# Working data
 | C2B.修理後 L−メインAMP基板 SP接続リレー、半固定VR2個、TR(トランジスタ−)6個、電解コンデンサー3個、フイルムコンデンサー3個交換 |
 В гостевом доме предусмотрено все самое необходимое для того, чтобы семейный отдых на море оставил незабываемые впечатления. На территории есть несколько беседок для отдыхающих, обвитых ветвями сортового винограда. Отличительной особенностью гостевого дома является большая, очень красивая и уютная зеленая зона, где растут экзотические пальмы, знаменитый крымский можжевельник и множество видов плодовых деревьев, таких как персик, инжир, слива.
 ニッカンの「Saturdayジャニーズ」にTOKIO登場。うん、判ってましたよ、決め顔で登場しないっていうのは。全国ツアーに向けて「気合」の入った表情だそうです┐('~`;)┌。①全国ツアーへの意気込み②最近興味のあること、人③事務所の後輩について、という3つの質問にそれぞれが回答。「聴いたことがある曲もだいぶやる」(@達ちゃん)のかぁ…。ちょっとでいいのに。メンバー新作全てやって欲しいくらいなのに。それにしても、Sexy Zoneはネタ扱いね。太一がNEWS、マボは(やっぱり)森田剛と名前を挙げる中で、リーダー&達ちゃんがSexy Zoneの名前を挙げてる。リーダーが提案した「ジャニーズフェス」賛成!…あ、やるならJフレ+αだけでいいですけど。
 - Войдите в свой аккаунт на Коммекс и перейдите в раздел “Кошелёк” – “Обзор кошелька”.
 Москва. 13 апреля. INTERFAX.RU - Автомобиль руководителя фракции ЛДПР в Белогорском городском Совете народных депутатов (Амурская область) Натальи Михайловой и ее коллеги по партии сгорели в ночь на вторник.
...
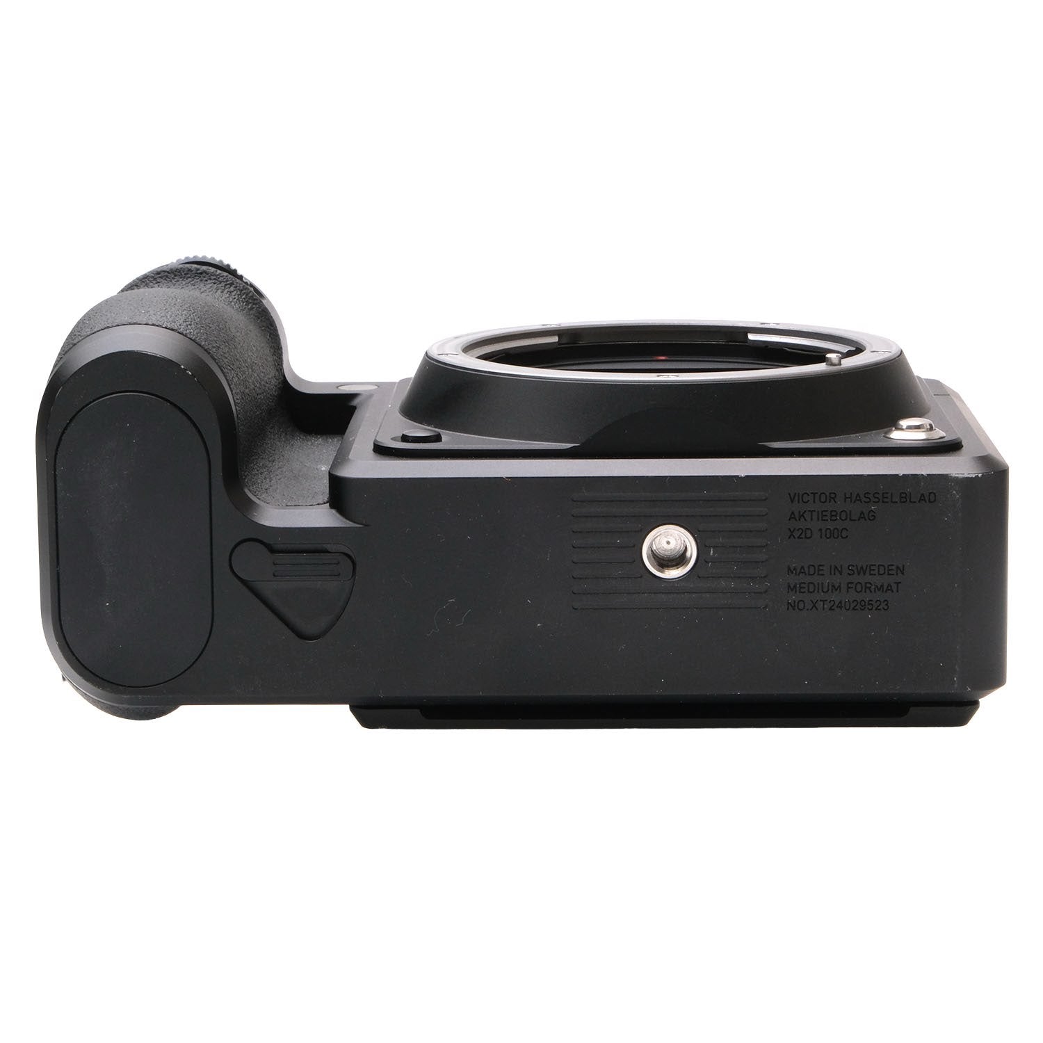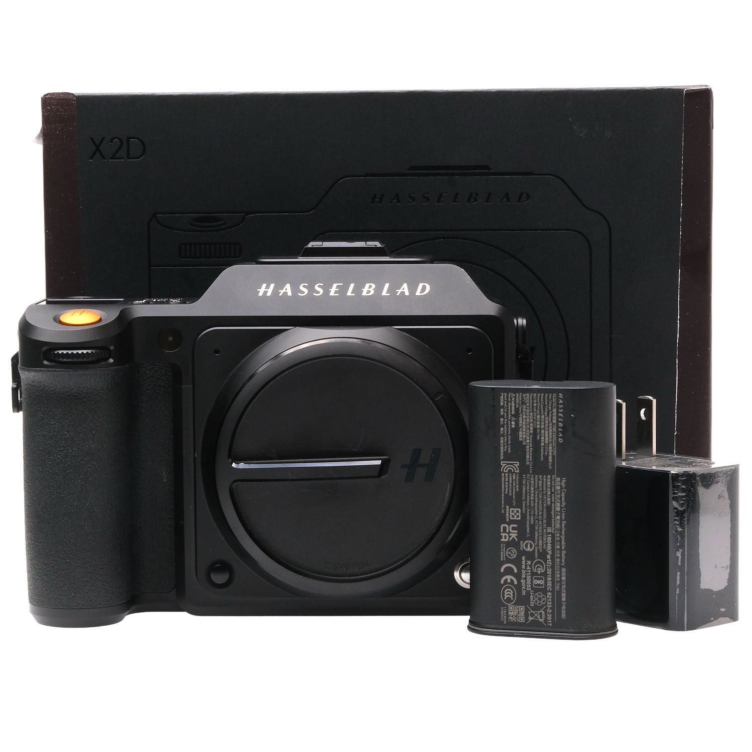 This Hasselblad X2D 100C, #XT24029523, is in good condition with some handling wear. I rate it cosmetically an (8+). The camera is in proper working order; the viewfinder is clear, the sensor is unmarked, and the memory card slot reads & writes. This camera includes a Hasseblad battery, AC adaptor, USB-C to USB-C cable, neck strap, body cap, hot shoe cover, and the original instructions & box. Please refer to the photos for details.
--
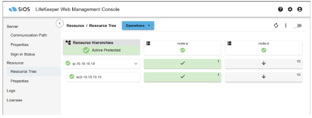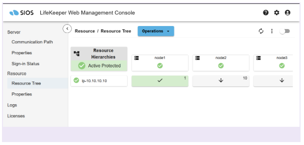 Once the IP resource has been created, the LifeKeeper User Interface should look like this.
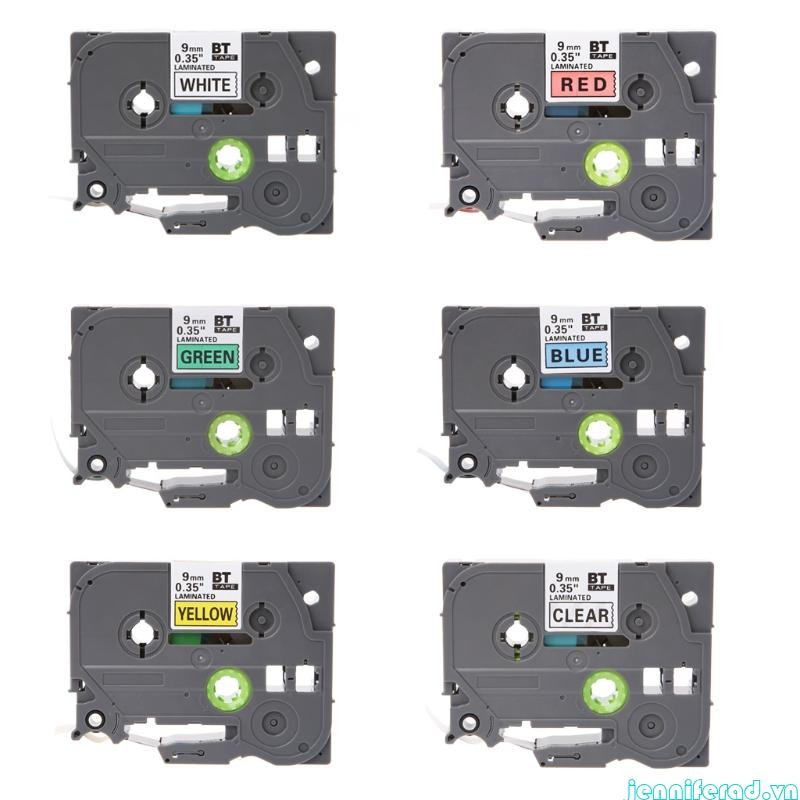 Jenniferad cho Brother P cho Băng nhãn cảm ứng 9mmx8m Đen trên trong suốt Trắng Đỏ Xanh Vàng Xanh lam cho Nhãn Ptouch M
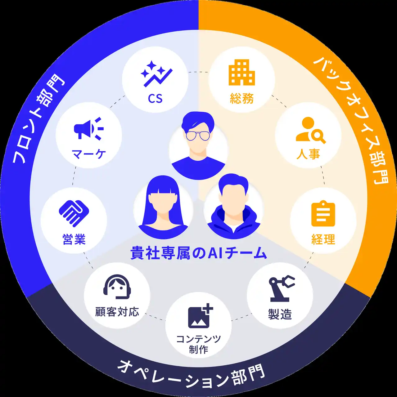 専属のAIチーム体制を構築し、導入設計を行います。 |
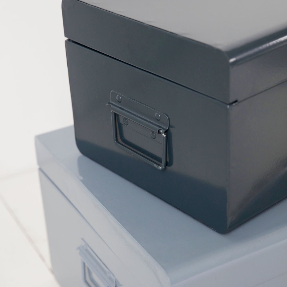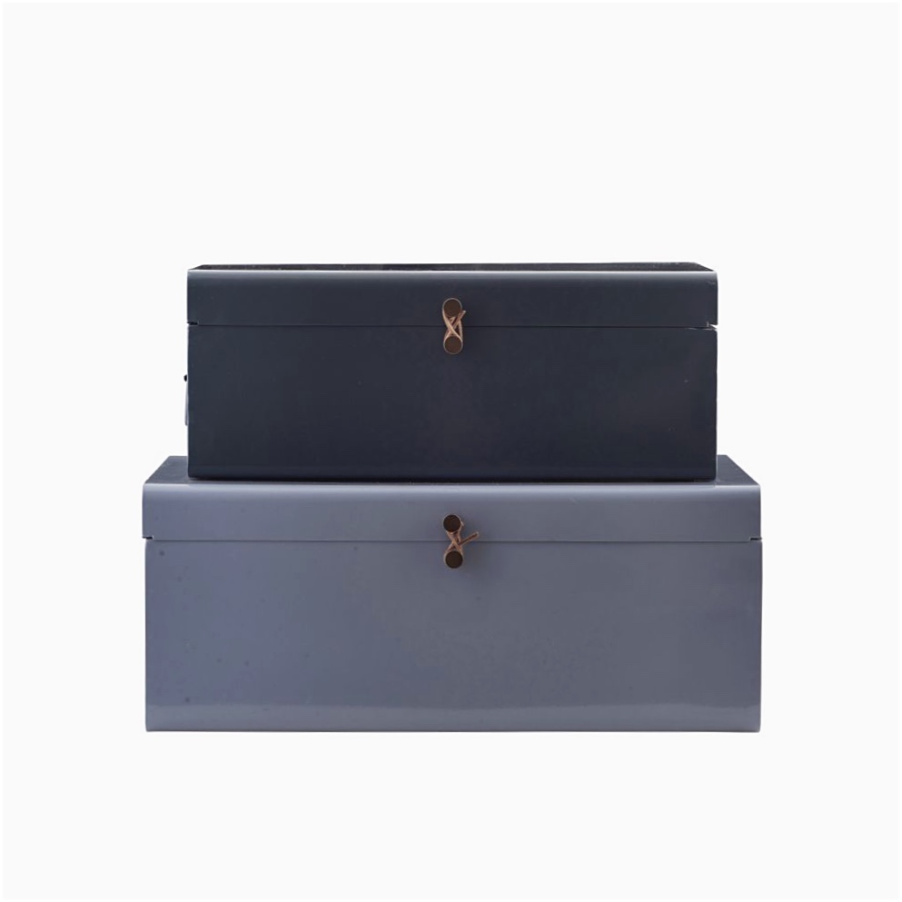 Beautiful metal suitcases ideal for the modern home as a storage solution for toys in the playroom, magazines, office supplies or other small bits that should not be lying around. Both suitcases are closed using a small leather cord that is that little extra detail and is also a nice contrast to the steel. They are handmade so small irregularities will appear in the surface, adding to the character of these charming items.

# Task
Look above for the line with "Jenniferad cho Brother", then give again exactly every line from there through the line with "Beautiful metal suitcases", skipping the pictures.

# Completed task
 Jenniferad cho Brother P cho Băng nhãn cảm ứng 9mmx8m Đen trên trong suốt Trắng Đỏ Xanh Vàng Xanh lam cho Nhãn Ptouch M
 専属のAIチーム体制を構築し、導入設計を行います。 |
 Beautiful metal suitcases ideal for the modern home as a storage solution for toys in the playroom, magazines, office supplies or other small bits that should not be lying around. Both suitcases are closed using a small leather cord that is that little extra detail and is also a nice contrast to the steel. They are handmade so small irregularities will appear in the surface, adding to the character of these charming items.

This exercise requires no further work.